*Given data*.
+===+
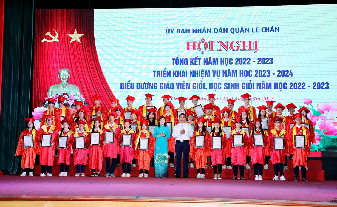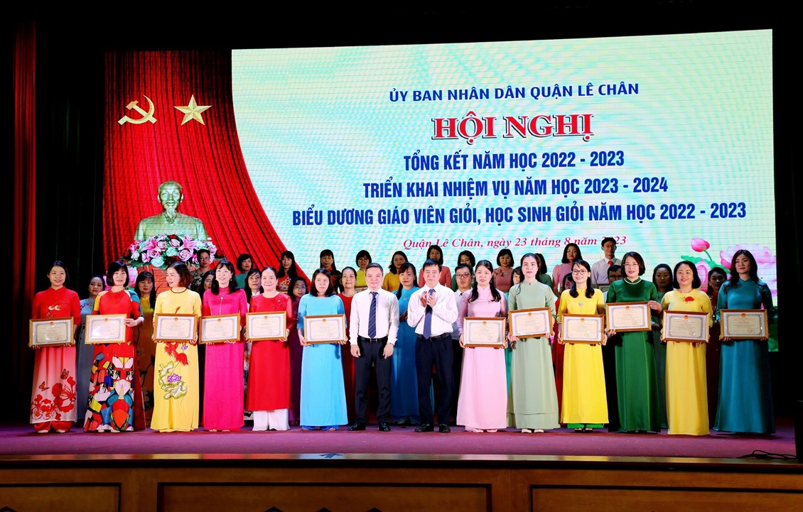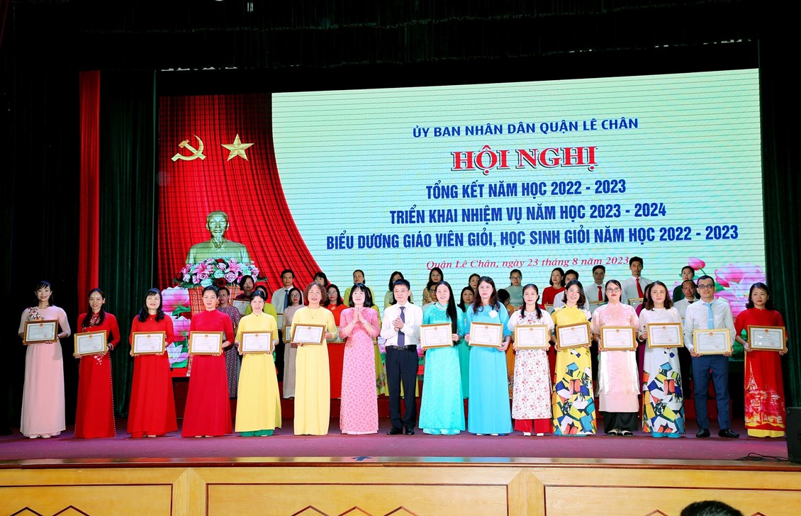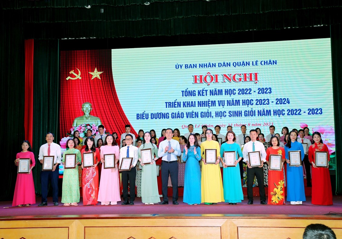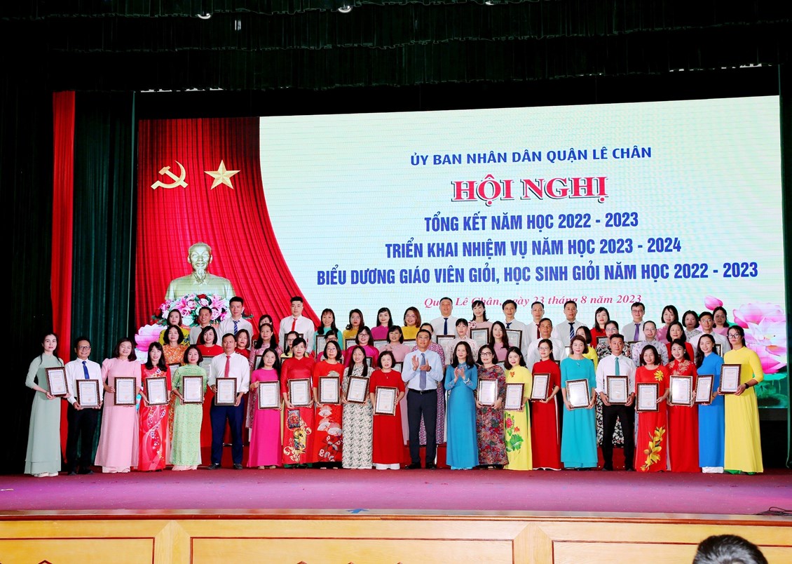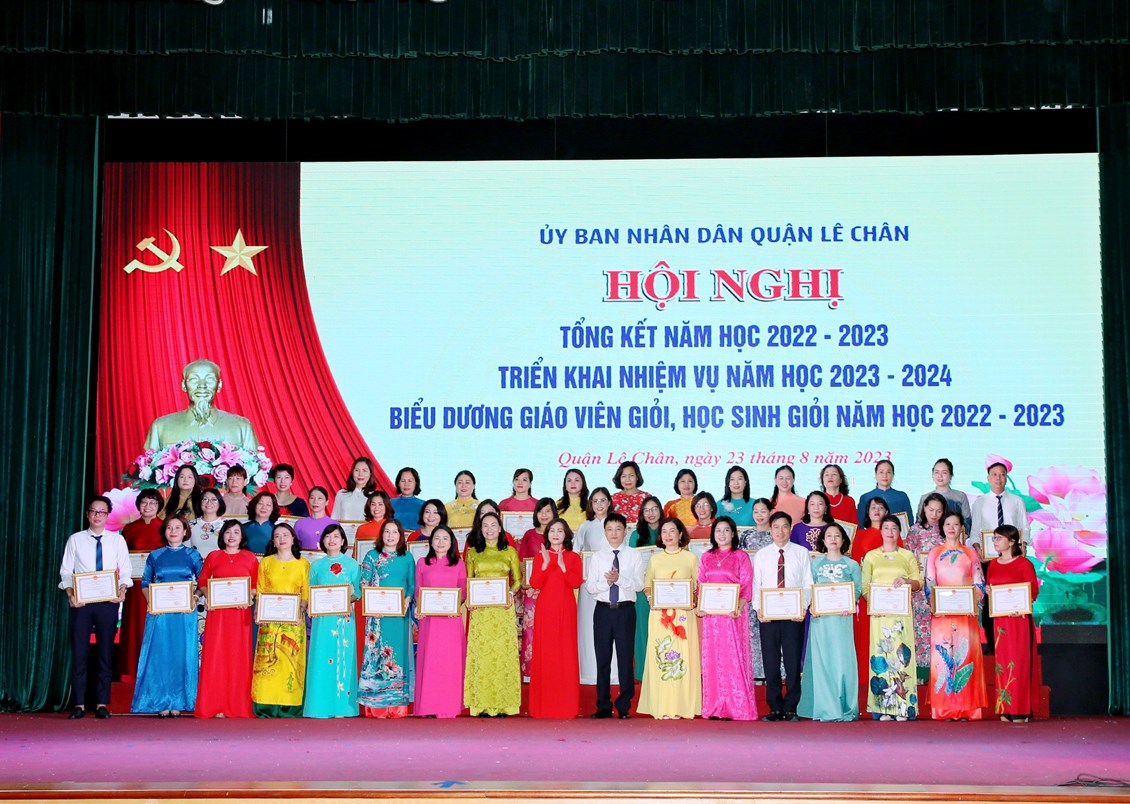 Sáng ngày 23/8/2023, UBND quận Lê Chân tổ chức Hội nghị tổng kết năm học 2022 - 2023 - Triển khai nhiệm vụ năm học 2023 - 2024 - Biểu dương giáo viên giỏi, học sinh giỏi năm học 2022 - 2023.
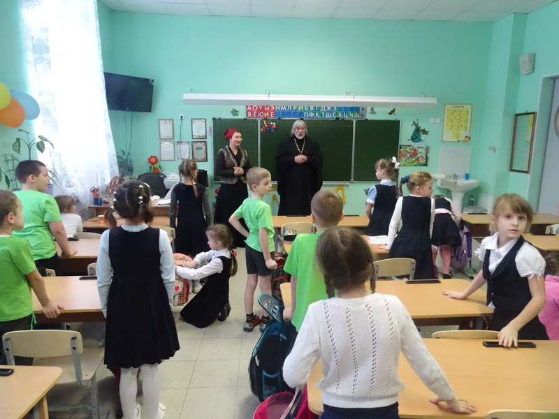 Так как день проведения урока совпал с Днем православной молодежи, то в память о знакомстве с первой книгой всем первоклассникам от молодежного отдела Норильской епархии Пучканева Анастасия подарила Православные буквари и сладости.
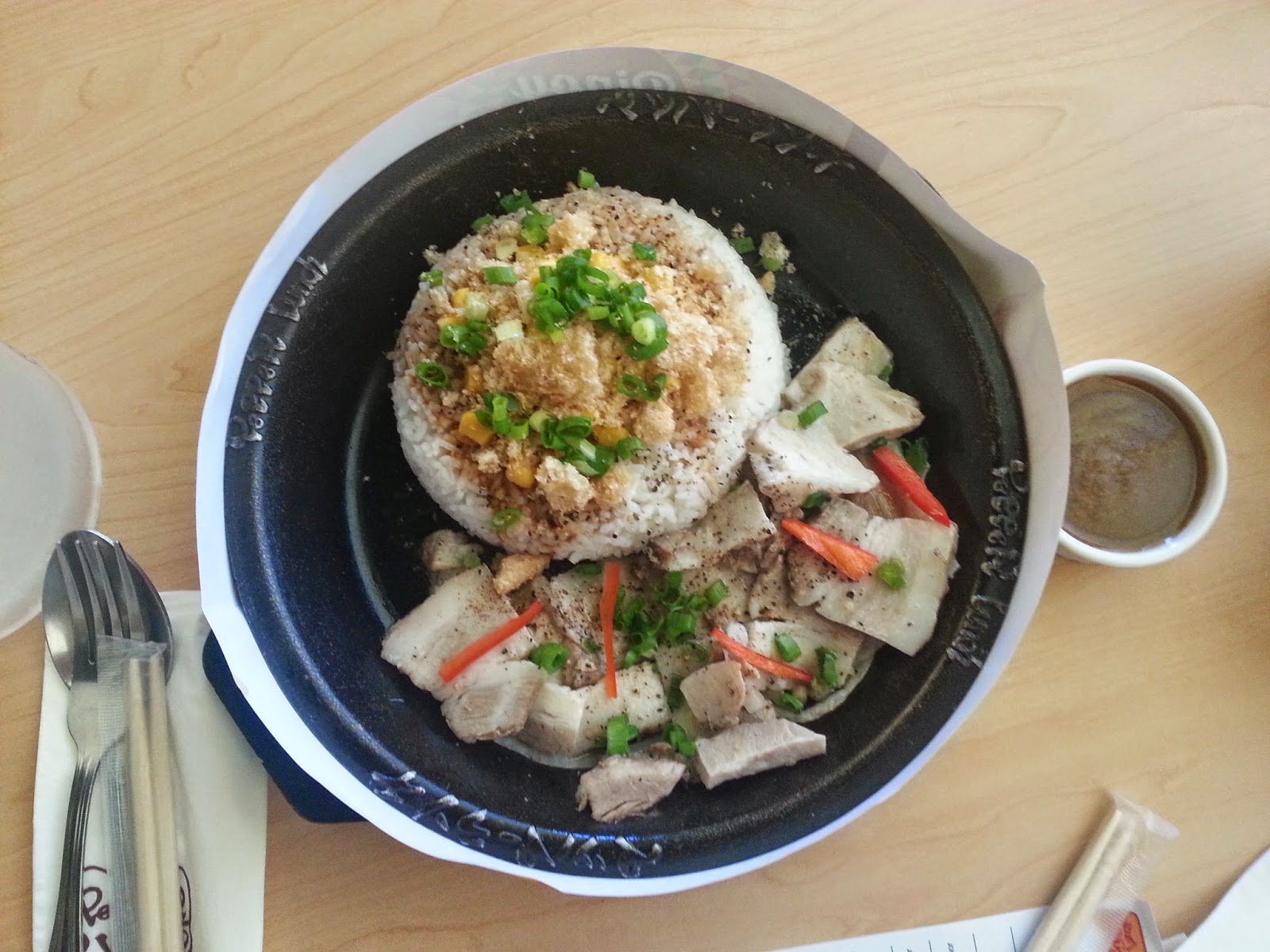 Japanese Pepper Rice surrounded by strips of pork sautéed like the fiesta favorite it's inspired by, Lechon (grilled pork). Available to dip in or to be mixed with the Pepper Rice is a Mang Tomas sauce that we Filipinos just cant get enough of. The rice was topped with chicaron to make up for lack of crispy pig skin that, for the information of my nonFilipino readers, is a crowd favorite during fiestas as well. There was a garlic flavor was strong enough to be noticed yet not too much that it became a nuisance.
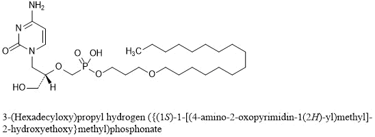 Brincidofovir 3-(Hexadecyloxy)propyl hydrogen ({(1S)-1-[(4-amino-2-oxopyrimidin-1(2H)-yl)methyl]-2-hydroxyethoxy}methyl)phosphonate C27H52N3O7P : 561.69 [444805-28-1]
+===+
Omit the pictures, then repeat exactly each line from the beginning of the listing through the line with "Так как день".

*Task answer*.
 Sáng ngày 23/8/2023, UBND quận Lê Chân tổ chức Hội nghị tổng kết năm học 2022 - 2023 - Triển khai nhiệm vụ năm học 2023 - 2024 - Biểu dương giáo viên giỏi, học sinh giỏi năm học 2022 - 2023.
 Так как день проведения урока совпал с Днем православной молодежи, то в память о знакомстве с первой книгой всем первоклассникам от молодежного отдела Норильской епархии Пучканева Анастасия подарила Православные буквари и сладости.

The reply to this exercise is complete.